This application is a divisional of U.S. patent application Ser. No. 17/292,555, filed May 10, 2021, which is a national stage of International Patent Application No. PCT/IB2019/059234, filed Oct. 28, 2019, which claims the benefit of U.S. Provisional Patent Application No. 62/760,351, filed Nov. 13, 2018, which are incorporated by reference herein in their entirety.

This disclosure relates generally to dry electrodes, electrodes for attachment to human skin without skin preparation or the use of electrolyte gels, and methods for preparing these dry electrodes.

Electrodes for measuring biopotential are used extensively in modern clinical and biomedical applications. The applications encompass numerous physiological tests including electrocardiogramcephalography (EEG), electrical impedance tomography (EIT), electromyography (EMG), and electro-oculography (EOG). The electrodes for these types of physiological tests function as a transducer by transforming the electric potential or biopotentials within the body into an electric voltage that can be measured by conventional measurement and recording devices.

The present disclosure relates to dry electrodes, electrodes for attachment to human skin without skin preparation or the use of electrolyte gels. Disclosed herein are dry electrodes, sheet article precursors for preparing dry electrodes, and methods for preparing these dry electrodes.

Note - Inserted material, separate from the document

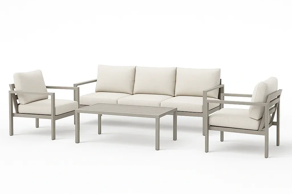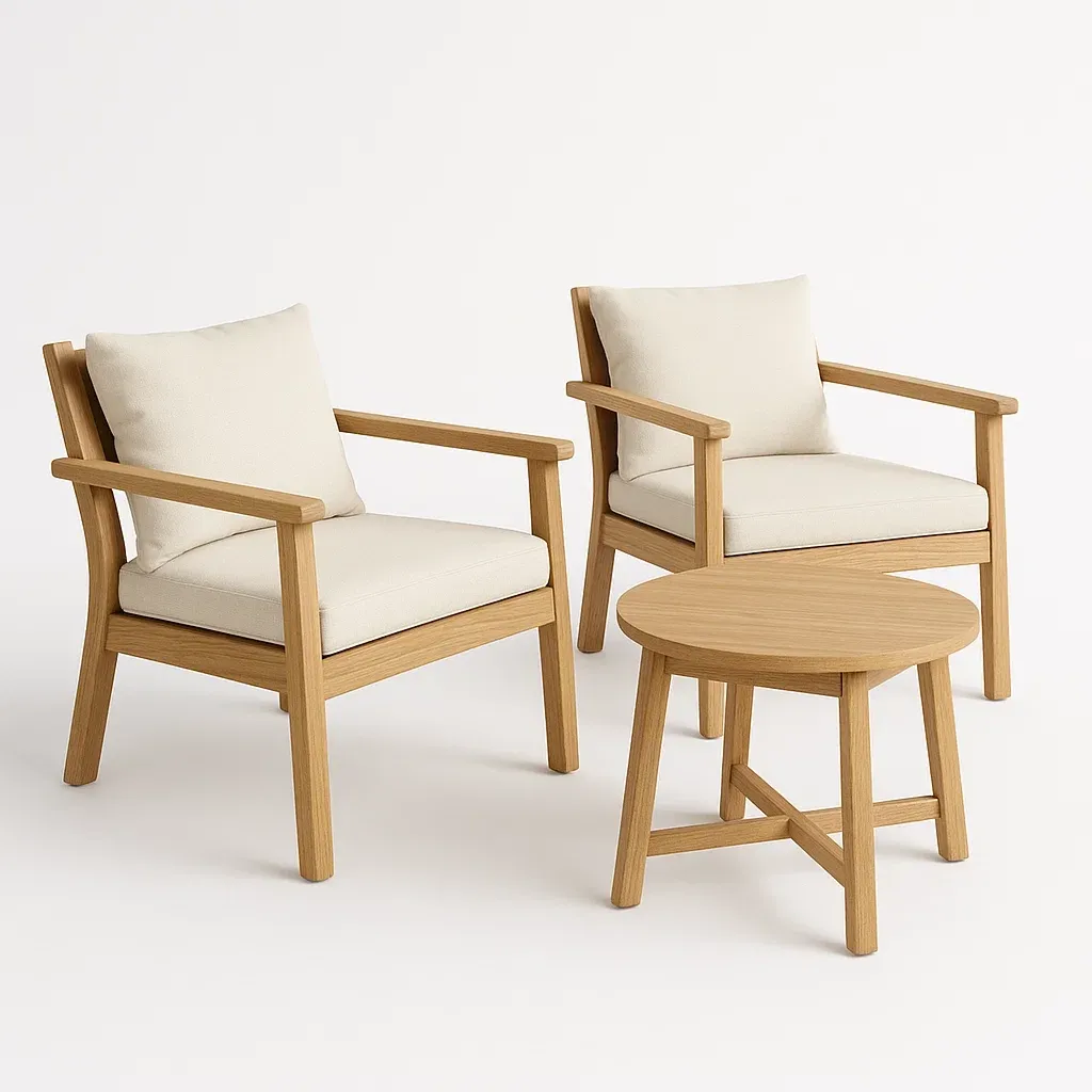 Los cojines están incluidos y el conjunto es resistente al agua y a los rayos UV. Se recomienda limpiar con un paño húmedo.

In some embodiments, the electrode comprises an electrically conductive substrate with a first major surface and a second major surface, a discontinuous layer of electrically conductive particles, at least some of the electrically conductive particles are in contact with the second major surface of the conductive substrate, and comprise shaped particles with at least one point. The electrode also comprises a supporting layer with a first major surface and a second major surface, where the first major surface of the supporting layer is in contact with the second major surface of the electrically conductive substrate and the supporting layer envelopes the electrically conductive particles such that the at least one point of at least one of the electrically conductive particles protrudes from the second major surface of the supporting layer. Also included in the electrode is an electrical connector in electrical contact with the second major surface of the electrically conductive substrate, and protruding from the electrically conductive substrate.

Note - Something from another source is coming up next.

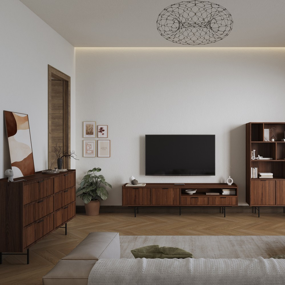 Komoda EVRON kombinuje moderní design, velkorysý úložný prostor a vysoce kvalitní zpracování. Díky svému elegantnímu vzhledu a jemným detailům harmonicky zapadne do jakéhokoli interiéru – ideální do obývacích pokojů, ložnic nebo jídelen, kde je organizace a styl stejně důležité. Promyšlené uspořádání pro optimální úložný prostor – Komoda je vybavena dvěma prostornými skříňkami, z nichž každá má poličku, a nabízí dostatek prostoru na nádobí, textilie nebo dokumenty. Navíc tři hladce se vysouvající zásuvky s kuličkovými ložisky poskytují další úložný prostor – ideální pro menší předměty, doplňky nebo předměty denní potřeby. Elegantní a robustní konstrukce – Robustní kovové nohy (vysoké 20 cm) dodávají komodě nejen moderní, vzdušný vzhled, ale také zajišťují vysokou stabilitu. Elegantně navržené kovové úchyty dodávají stylové akcenty a zdůrazňují čisté linie kusu. Díky vysoce kvalitním materiálům je komoda odolná a snadno se o ni pečuje – ideální pro každodenní použití. Moderní barevné možnosti pro každý interiér – Komoda EVRON je k dispozici ve dvou nadčasových barevných variantách – ořechově hnědá a přírodní hikory – a lze ji individuálně přizpůsobit různým stylům interiérového designu. Obě verze zdůrazňují teplý, přírodní charakter nábytku a vytvářejí útulnou obytnou atmosféru. Objevte další nábytek z kolekce EVRON v našich dalších aukcích a navrhněte si domov v jednotném stylu. Rozměry: 150 cm Výška: 90 cm Hloubka: 40 cm Rádi bychom vás informovali, že všechny rozměry čalouněného nábytku podléhají toleranci +/- 2 %. Snažíme se zobrazit všechny barvy co nejpřesněji. Upozorňujeme však, že v důsledku nastavení monitoru a grafické karty se mohou vyskytnout drobné odchylky. Toto není důvod k reklamaci. Barvy různých sérií látek se navíc mohou mírně lišit v odstínu. Dodání je možné na adresy v rámci Německa. Nedodáváme na ostrovy ani do horských oblastí. Máme vlastní bezpečnou a rychlou přepravní službu. O datu dodání budete předem informováni.

In other embodiments, the electrode comprises an electrically conductive substrate with a first major surface and a second major surface, a discontinuous layer of electrically conductive particles wherein at least some of the electrically conductive particles comprise shaped particles with at least one point and the electrically conductive substrate envelopes the electrically conductive particles such that the at least one point of at least one of the electrically conductive particles protrudes from the second major surface of the electrically conductive substrate, and an electrical connector in electrical contact with the second major surface of the electrically conductive substrate, the electrically conductive particles, or a combination thereof. The electrical connector protrudes from the electrically conductive substrate.

In yet another embodiment, the dry electrode comprises an electrical connector with a second major surface comprising an electrode plate portion and a first major portion comprising a head portion, and a discontinuous layer of electrically conductive particles in electrical contact with the second major portion of the electrical connector, and wherein the electrically conductive particles comprise shaped particles with at least one point.

Also disclosed are sheet articles that can be precursors to dry electrodes. In some embodiments, the sheet article comprises a substrate with a first major surface and a second major surface, a discontinuous layer of electrically conductive particles, at least some of the electrically conductive particles are in contact with the second major surface of the substrate, and the electrically conductive particles comprise shaped particles with at least one point. The sheet article also comprises a supporting layer with a first major surface and a second major surface, where the first major surface of the supporting layer is in contact with the second major surface of the substrate and the supporting layer envelopes the electrically conductive particles such that the at least one point of at least one of the electrically conductive particles protrudes from the second major surface of the supporting layer. In some embodiments, the substrate comprises an electrically conductive layer. In other embodiments, the supporting layer comprises an electrically conductive layer, and the substrate comprises a non-conductive substrate.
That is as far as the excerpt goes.